[Records excerpted from a collection]
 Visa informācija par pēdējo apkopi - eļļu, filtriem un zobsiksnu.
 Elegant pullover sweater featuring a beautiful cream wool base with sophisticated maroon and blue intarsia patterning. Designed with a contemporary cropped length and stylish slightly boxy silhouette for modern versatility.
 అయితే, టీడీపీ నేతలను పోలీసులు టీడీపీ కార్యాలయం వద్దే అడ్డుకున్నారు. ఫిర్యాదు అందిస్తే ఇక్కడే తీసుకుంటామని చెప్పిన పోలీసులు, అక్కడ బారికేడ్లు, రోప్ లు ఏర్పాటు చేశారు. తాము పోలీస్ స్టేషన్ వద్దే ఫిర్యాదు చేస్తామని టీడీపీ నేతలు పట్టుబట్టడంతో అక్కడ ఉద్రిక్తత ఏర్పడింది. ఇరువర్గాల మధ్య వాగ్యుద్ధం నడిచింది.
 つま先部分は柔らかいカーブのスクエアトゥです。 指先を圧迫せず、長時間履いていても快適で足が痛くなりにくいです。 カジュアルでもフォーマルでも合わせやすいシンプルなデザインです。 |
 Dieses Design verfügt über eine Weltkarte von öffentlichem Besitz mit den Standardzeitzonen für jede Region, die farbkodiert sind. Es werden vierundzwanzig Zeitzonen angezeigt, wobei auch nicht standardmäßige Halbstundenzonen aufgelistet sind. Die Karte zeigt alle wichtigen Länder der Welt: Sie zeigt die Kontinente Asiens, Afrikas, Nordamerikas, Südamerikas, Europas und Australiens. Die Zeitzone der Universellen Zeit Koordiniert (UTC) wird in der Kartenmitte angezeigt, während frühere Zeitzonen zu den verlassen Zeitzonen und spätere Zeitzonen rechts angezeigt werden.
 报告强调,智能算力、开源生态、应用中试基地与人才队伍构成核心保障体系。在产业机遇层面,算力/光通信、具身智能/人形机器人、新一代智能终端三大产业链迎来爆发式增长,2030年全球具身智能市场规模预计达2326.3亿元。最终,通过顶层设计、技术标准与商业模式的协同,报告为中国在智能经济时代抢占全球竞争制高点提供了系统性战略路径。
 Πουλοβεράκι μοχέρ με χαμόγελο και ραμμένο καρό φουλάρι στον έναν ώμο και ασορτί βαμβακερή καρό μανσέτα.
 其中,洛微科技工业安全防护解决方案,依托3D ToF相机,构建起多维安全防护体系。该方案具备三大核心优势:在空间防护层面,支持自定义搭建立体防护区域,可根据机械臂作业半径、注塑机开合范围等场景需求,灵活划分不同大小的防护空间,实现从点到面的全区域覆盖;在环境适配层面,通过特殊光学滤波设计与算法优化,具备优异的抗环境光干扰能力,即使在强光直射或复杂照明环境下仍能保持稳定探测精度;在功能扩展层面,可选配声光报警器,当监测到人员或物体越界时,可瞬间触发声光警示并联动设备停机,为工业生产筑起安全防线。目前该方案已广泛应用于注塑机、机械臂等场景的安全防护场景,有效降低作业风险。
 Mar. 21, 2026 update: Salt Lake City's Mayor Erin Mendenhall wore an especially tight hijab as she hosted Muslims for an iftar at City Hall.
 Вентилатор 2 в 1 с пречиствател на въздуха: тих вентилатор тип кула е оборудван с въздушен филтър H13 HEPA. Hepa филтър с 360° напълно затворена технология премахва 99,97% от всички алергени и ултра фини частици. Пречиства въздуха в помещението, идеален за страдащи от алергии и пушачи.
...
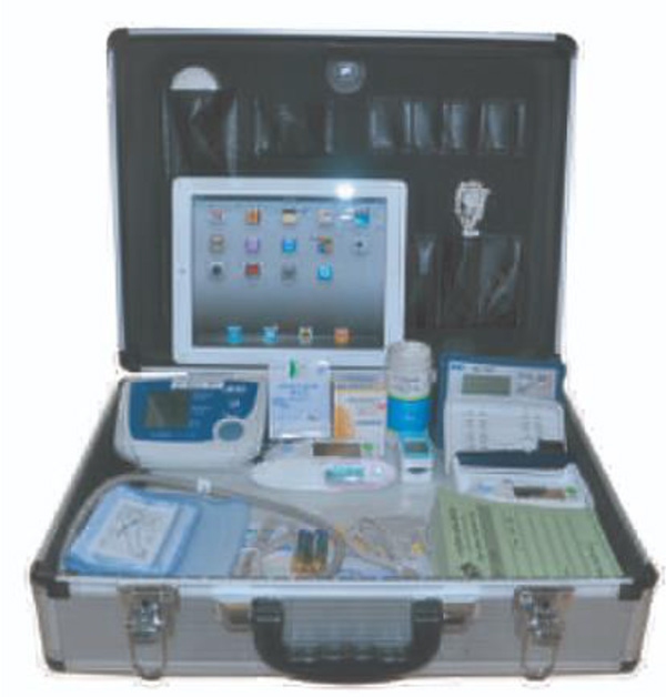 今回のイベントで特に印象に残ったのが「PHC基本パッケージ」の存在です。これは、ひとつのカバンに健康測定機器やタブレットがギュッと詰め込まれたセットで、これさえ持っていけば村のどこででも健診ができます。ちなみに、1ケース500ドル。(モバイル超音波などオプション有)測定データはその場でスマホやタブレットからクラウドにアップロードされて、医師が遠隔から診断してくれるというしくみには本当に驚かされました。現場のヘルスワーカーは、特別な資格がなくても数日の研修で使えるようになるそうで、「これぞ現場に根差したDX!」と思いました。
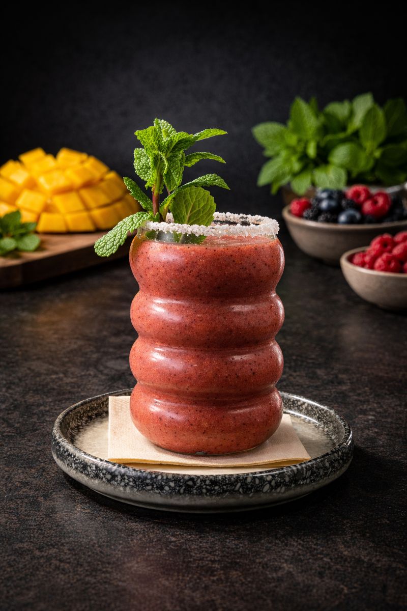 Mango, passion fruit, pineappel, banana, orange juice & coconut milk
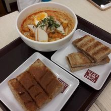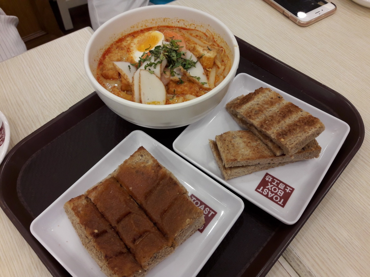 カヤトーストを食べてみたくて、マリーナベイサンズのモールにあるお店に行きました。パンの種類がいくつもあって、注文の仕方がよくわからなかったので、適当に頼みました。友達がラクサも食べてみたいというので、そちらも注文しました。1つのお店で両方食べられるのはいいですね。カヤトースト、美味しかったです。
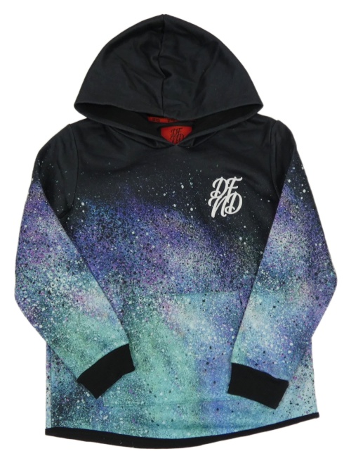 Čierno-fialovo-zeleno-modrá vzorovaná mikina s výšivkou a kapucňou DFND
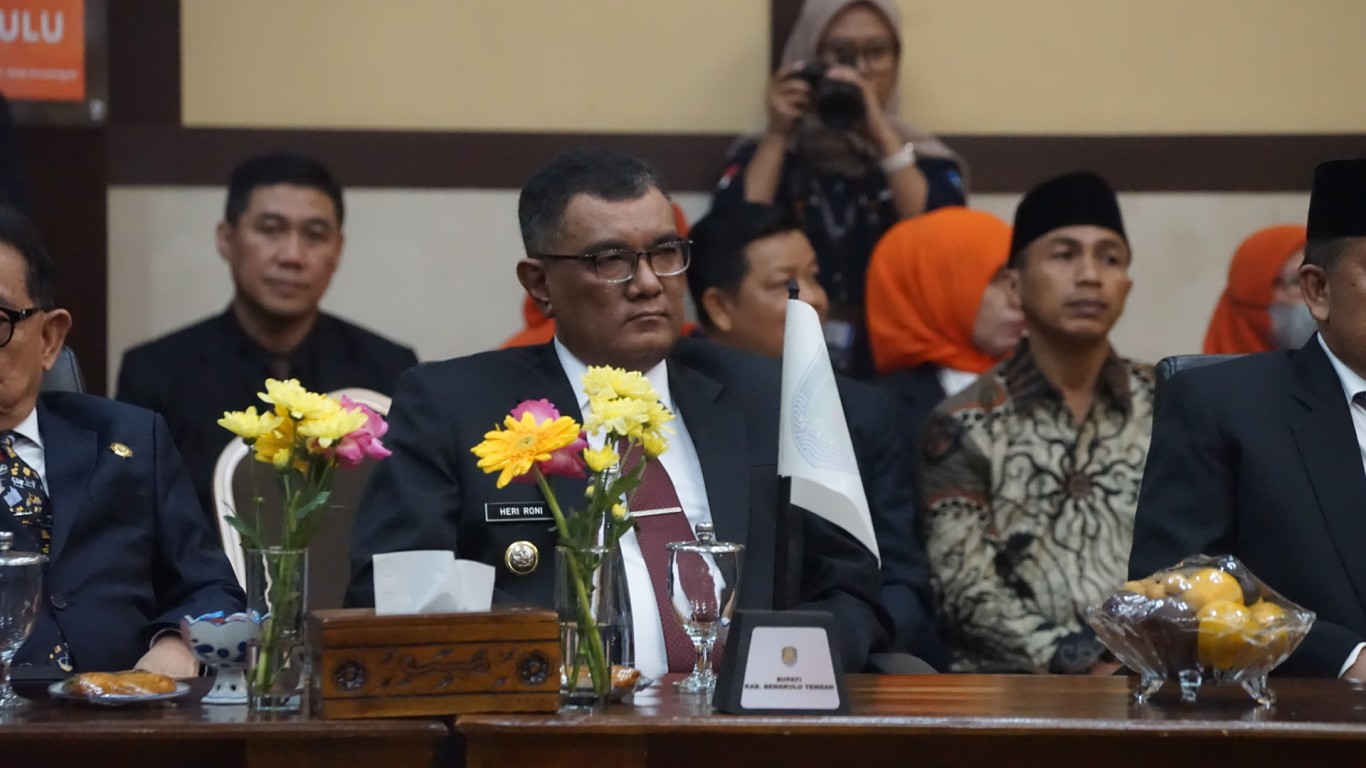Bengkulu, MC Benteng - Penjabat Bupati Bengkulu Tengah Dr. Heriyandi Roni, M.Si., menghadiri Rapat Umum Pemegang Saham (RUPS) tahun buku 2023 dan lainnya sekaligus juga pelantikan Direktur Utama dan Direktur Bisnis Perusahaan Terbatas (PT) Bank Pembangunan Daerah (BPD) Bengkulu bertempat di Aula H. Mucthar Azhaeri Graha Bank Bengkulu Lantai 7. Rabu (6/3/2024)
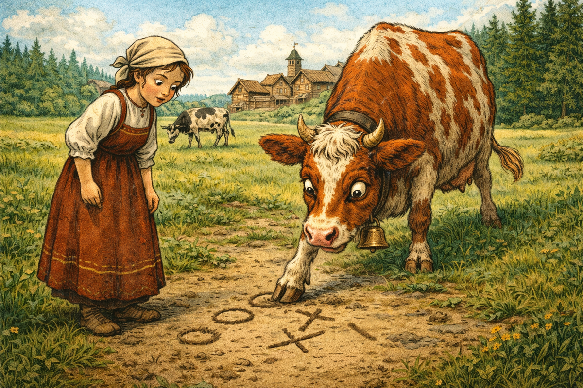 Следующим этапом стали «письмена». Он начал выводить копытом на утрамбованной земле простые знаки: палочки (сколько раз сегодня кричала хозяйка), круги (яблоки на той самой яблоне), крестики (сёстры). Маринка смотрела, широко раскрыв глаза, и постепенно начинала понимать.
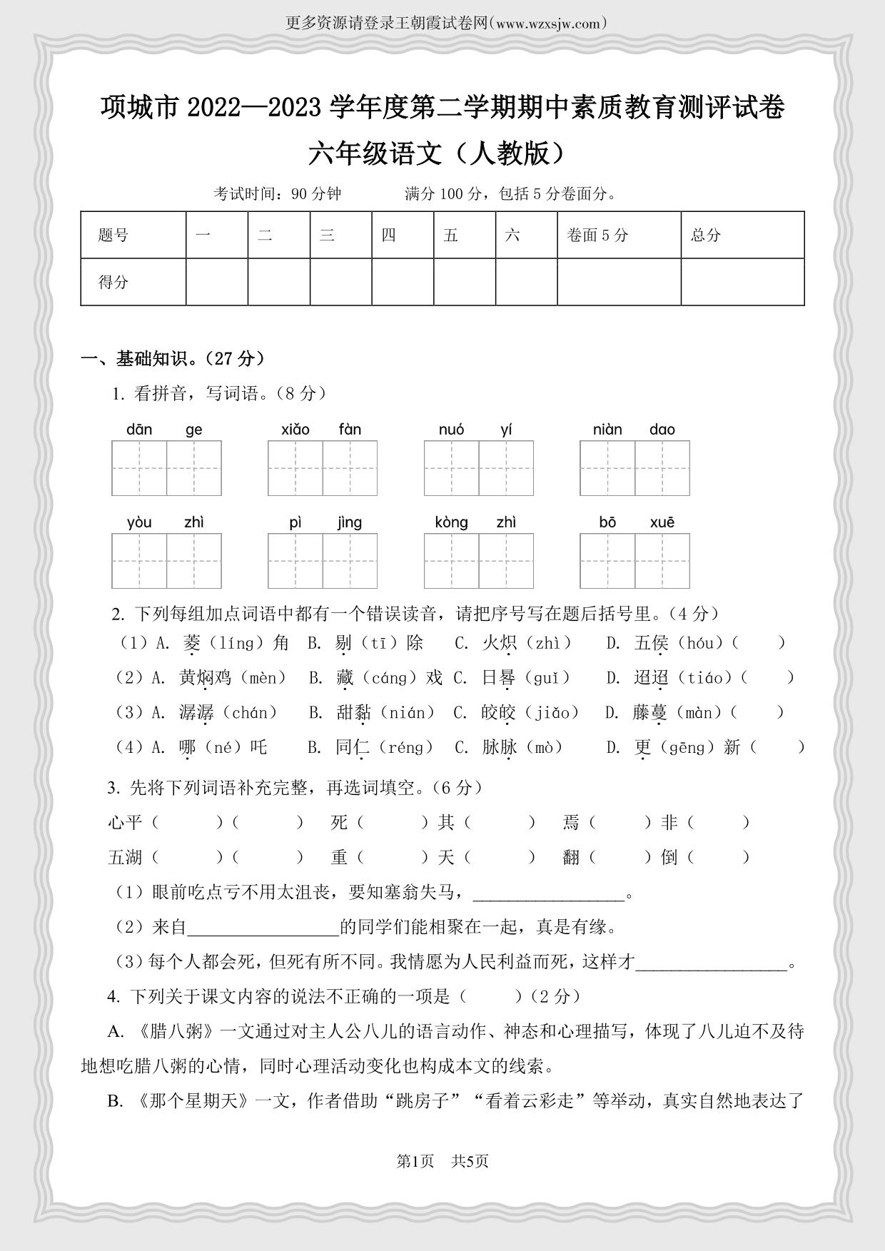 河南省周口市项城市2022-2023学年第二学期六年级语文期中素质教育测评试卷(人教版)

* _Problem requirements_
The lines above starting at the one that holds "Čierno-fialovo-zeleno-modrá vzorovaná mikina" and ending at the one that holds "河南省周口市项城市2022-2023学年" are to be written out exactly, ends included, and no pictures are to be copied.

* _Solution for this problem_
 Čierno-fialovo-zeleno-modrá vzorovaná mikina s výšivkou a kapucňou DFND
Bengkulu, MC Benteng - Penjabat Bupati Bengkulu Tengah Dr. Heriyandi Roni, M.Si., menghadiri Rapat Umum Pemegang Saham (RUPS) tahun buku 2023 dan lainnya sekaligus juga pelantikan Direktur Utama dan Direktur Bisnis Perusahaan Terbatas (PT) Bank Pembangunan Daerah (BPD) Bengkulu bertempat di Aula H. Mucthar Azhaeri Graha Bank Bengkulu Lantai 7. Rabu (6/3/2024)
 Следующим этапом стали «письмена». Он начал выводить копытом на утрамбованной земле простые знаки: палочки (сколько раз сегодня кричала хозяйка), круги (яблоки на той самой яблоне), крестики (сёстры). Маринка смотрела, широко раскрыв глаза, и постепенно начинала понимать.
 河南省周口市项城市2022-2023学年第二学期六年级语文期中素质教育测评试卷(人教版)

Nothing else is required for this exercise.